Don't do 16 hours per day. It is a major overload on your body, brain and soul.


----------



## ubernyc (Aug 15, 2014)

I worked for a base


----------



## Nycx (Feb 28, 2016)

I was a Bus driver


----------



## Nejix (Dec 14, 2016)

Yellow cab


----------



## hipkat75 (Dec 21, 2016)

I did ems


----------



## spike69 (Sep 3, 2016)

It's good this is one of ur first jobs starting at bottom can only go up . If u ever had a job with benefits, vacations , 401k and get promotions . Then lost that to drive uber full time ur really thinking suicide. Driving uber had to make choice pay child support or rent can't afford both almost 50 years old moved in with parents


----------



## Missy N NYC (Jul 2, 2016)

Accounts payable through temp agency no benefits... nothing to lose by driving


----------



## Kevin7889 (Dec 10, 2015)

Shoprite and other supermarkets


----------



## Guap06 (Apr 19, 2016)

Livery cab driver


----------



## edi vargas (Oct 28, 2016)

I still have my fulltime job at time warner/spectrum..i do this for extra cash/fun lol


----------



## Daniel1990 (Dec 19, 2016)

wtf this OP has isis guy on avatar


----------



## Thenickog (Oct 1, 2016)

Teacher , doing it on the side for extra money / fun


----------



## AltimatedUber (Oct 2, 2016)

Inventory control specialist, got laid off now doing uber full time.


----------



## ubershiza (Jan 19, 2015)

Still dealing with excrement


----------



## staytune (May 21, 2016)

yellow cab. there are no 16 hours shift, unless is double shift. only 12. and it is good enough.


Thenickog said:


> Teacher , doing it on the side for extra money / fun


that is the correct attitude driving for Uber.


----------



## HerbyHerb (Jun 9, 2015)

I was a sales Manager. I purchased a car and got fooled to join this Titanic when they were advertising 90K a year similar to what they advertise now; 6K a month. It was the worst decision I have ever made! I don't know how you can even put Uber on your resume but I done with Uber and Uber payments in April


----------



## SpeedracerX (Sep 26, 2016)

Was working at Shitty Bank...
Job got moved to UpState cause of cost cutting just like millions other banking jobs in NYC .
Wasted about 8 months trying to land a Govt Law enforcement job only to get turned down.
Drove Fuber for about 6 months ...
Currently driving My Father's Medallion...

Good Luck to Us All....


----------



## Thenickog (Oct 1, 2016)

staytune said:


> yellow cab. there are no 16 hours shift, unless is double shift. only 12. and it is good enough.
> 
> that is the correct attitude driving for Uber.

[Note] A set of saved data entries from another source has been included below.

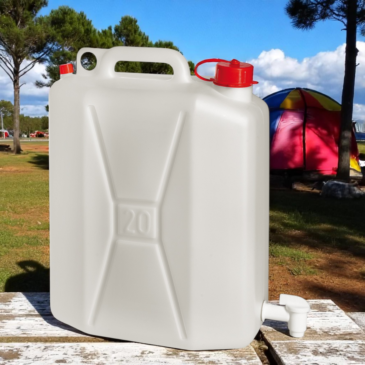 Vízkaniszter 20 literes. Csappal és csavaros zárral. A vízkanszter kiváló választás, ha víz tárolására vagy szállítására van szükség. 20 literes műanyag kanna csappal: Ha nagyobb mennyiségű vizet szeretnél tárolni vagy szállítani, akkor a 20 literes változat lehet a megfelelő választás.
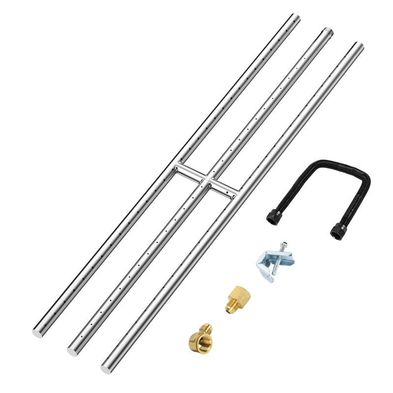 Skyflame 30" x 6" Rectangular Gas Fire Pit and Fireplace H-Burner with 3 Pipes - 304 Stainless Steel - for Indoor & Outdoor Use
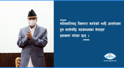 काठमाडौं । प्रधानमन्त्री शेरबहादुर देउवाले प्रधानमन्त्री पदको शपथग्रहण गरेको एक महिनासम्म पनि मन्त्रिपरिषद्लाई पूर्णता दिन
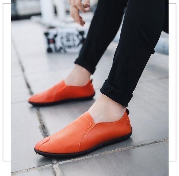- PU レザー スリッポン 【オレンジ 25.5cm】 sp4 メンズ カジュアル シューズ ドライビングシューズ 軽量 スニーカー 靴 おしゃれ
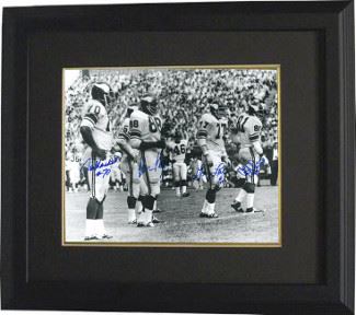 The Purple People Eaters was the nickname of the Minnesota Vikings football team's defensive line of the late 1960s to the late 1970s, when the Vikings played in four Super Bowls. The Purple People Eaters are Alan Page (9 Pro Bowl Selections, NFL MVP, and Hall of Famer), Carl Eller (6 Pro Bowl Selections and Hall of Famer), Jim Marshall (2 Pro Bowl Selections), and Gary Larsen (2 Pro Bowl Selections) The Purple People Eaters were a big factor in the post-season success of the Vikings from the late 1960s through the 1970s. This Minnesota Vikings 16X20 photo was hand signed by the Purple People Eaters: Carl Eller (with HOF 04 inscription), Alan Page, Jim Marshall, and Gary Larsen. Certificate of Authenticity from Athlon Sports. Custom White Mat and Black Color Framed as shown.
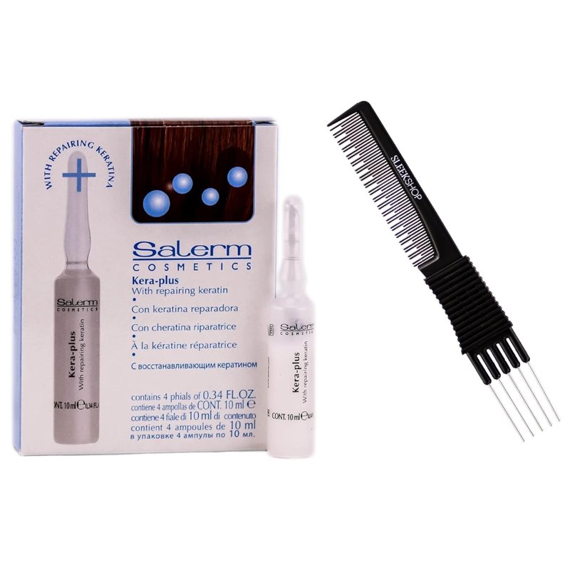 Salerm Cosmetics KERA-PLUS with Repairing Keratin, Straight Hair for Straightening, Protects from Damage Caused by Heat Tools (w/Sleek Teasing Comb) Keraplus + (4 phials of 0.34 oz (PACK OF 1))

Yep only work 185 days a year as a teacher. With 11 weeks off in the year uber is a good way to make some extra money


----------



## Uberman8263 (Jan 11, 2015)

Nycx said:


> I was a Bus driver


MTA?


----------



## cubert (Feb 13, 2016)

Bread delivery


----------



## UB'S (Jul 14, 2015)

COKE and WEED Dealer.


----------



## negeorgia (Feb 1, 2015)

DISH, technician. Consistently ranked in top 10 worse companies to work for.


----------



## AZ-XOEM (Aug 19, 2016)

ManwBiDiK said:


> I wonder were so many drivers used to work before uber, as me i worked 2 month as home health aid (giving care to the elderly) and i am 21 years old, already started looking for new better job, i hope i wilm give up driving uber before summer.
> Very hard for health, back hurts, heart hurts, everything hurts after driving 16 hours a day


►Home Depot and Lowe's Home Improvement for a combined sentence of 10 yrs+ Multiple Merit Badges, Customer Compliment Letters and, kudos from Management,... ALWAYS volunteered to cover shifts, come in on my day off and, put out customer relations "fires" for my supervisors.

►It's funny how ONE customer, with an imaginary axe to grind, -can destroy your entire career with a false accusation of physical violence or a racist comment for a 10% Discount on their Custom Kitchen Design order, or a $25 Gift Card. (Although, I found it coincidental, the complaint was lodged as the customers milled over how they were going to pay for their $ 12,000 Kitchen Order,... mgmt didn't see it that way) 

►Uber-Lyft are no different. The PAX is ALWAYS right,... -even when they're wrong or outright lie. Drivers get suspended all the time because, a PAX complains about excessive speed, aggressive driving or rude/inconsiderate behavior. It doesn't matter if the complaint carries any weight or not. According to Uber-Greenlight and Lyft Express Drive,... "PAX have no reason to falsify bad experiences for refunds or credits,... what would they have to gain?"


----------



## tohunt4me (Nov 23, 2015)

Electrical construction on oil field production platforms,plants,offshore supply vessels and work boats. Pipe fitting and testing in refineries,and U.S.Navy ships. Offshore oil and gas production operator simultaneous operations with drilling.
( I build and play with the Biggest Toys in the World!)


----------



## steveK2016 (Jul 31, 2016)

Marketing/ Graphics for own startup brand, breaking even last few years and getting ready to have a break out year in 2017. Business was able to cover the essential bills and Uber has helped to bridge the gap beyond that. Hopefully won't need Uber much longer.


----------



## Kevin7889 (Dec 10, 2015)

UB'S said:


> COKE and WEED Dealer.


I was a male pornstar but things stopped looking up :O

Pamela Anderson gave me aids now I uber lyft juno full time


----------



## tohunt4me (Nov 23, 2015)

negeorgia said:


> DISH, technician. Consistently ranked in top 10 worse companies to work for.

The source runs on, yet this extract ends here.